Judge Hittner found that he lacked jurisdiction to force Huffman to appoint Robert, but he also made clear that his order reversing Calvin’s conviction and sentence was meant to provide him a new, fair, trial, and should not be misconstrued to deny his team adequate time to prepare.
As a result of the hearing, the lawsuits, the open letter, and evidence collected and submitted by GRACE demonstrating that Calvin was being treated differently than any other capital defendant in Houston, Judge Huffman finally granted a continuance of the trial date, giving the team at least a chance to get justice for Calvin. Danalynn and two volunteer attorneys from Australia began the work of pretrial litigation.
With little hope that the courts would ever appoint Robert, GRACE was forced to find an alternative means to fund Calvin’s representation. We called this “bake sale justice”. We set up office in the tiny attic apartment over Danalynn’s house, furnished it with donated furniture and computers and staffed it with volunteers. Local attorneys and capital defenders from around the country sent everything from cash to canned goods, office supplies, phone equipment and filing cabinets. Most importantly, LCAC provided the model of pretrial litigation and help modifying over two hundred motions to file in a Texas trial Court.
Calvin’s cause attracted an amazing coalition of talented and dedicated capital defenders, whose volunteer work on pre-trial motions put the state on notice that the trial team was wide awake; prepared our mitigation; somehow made sense out of 27 dusty boxes of documents; tracked down decades-old investigative leads.
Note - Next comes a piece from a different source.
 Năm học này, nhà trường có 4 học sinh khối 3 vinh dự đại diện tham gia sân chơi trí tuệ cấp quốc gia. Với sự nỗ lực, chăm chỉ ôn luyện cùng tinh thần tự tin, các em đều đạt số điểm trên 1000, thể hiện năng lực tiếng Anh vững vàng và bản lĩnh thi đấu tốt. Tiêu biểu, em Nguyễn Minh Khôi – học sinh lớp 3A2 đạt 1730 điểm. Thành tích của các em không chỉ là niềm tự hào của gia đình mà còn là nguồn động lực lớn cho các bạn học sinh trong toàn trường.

For the next ten months, Danalynn and a rag-tag band of volunteers – assisted long distance by Robert McGlasson and Clive Stafford Smith – prepared pre-trial litigation challenging the selection of Grand Jury forepersons in Harris County, calling into question some of the state’s extraneous bad act evidence against Calvin, and even demonstrating that the Harris County District Attorney’s Office was filing and serving their subpoenas in a manner inconsistent with Texas law.
From the start, Calvin had been willing to enter into a plea bargain to serve the remainder of his natural life in prison. But, Harris County’s notorious District Attorney, Chuck Rosenthal, had stubbornly dug his heels into to a grudge match in a case that he felt had embarrassed his office. But, with dogged investigation and pretrial litigation, the staff and volunteers of the fledgling GRACE were finally able to convince Rosenthal to accept Calvin’s offer.
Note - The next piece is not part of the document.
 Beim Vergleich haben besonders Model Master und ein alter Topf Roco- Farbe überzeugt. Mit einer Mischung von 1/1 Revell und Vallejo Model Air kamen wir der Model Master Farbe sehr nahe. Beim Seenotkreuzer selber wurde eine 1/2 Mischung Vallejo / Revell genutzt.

Finally, in June 2003, almost exactly a year after his return to Harris County, Calvin Jerold Burdine entered into an agreement with the State of Texas that ensured he would never again face the executioner!!!
After twenty years of incarceration, including 18 years on death row and several close calls with the executioner, Calvin says he feels like “Nine tons have been taken off my shoulders.” Finally free of the specter of lethal injection, Calvin has already begun to turn his attention to ministering to his fellow inmates.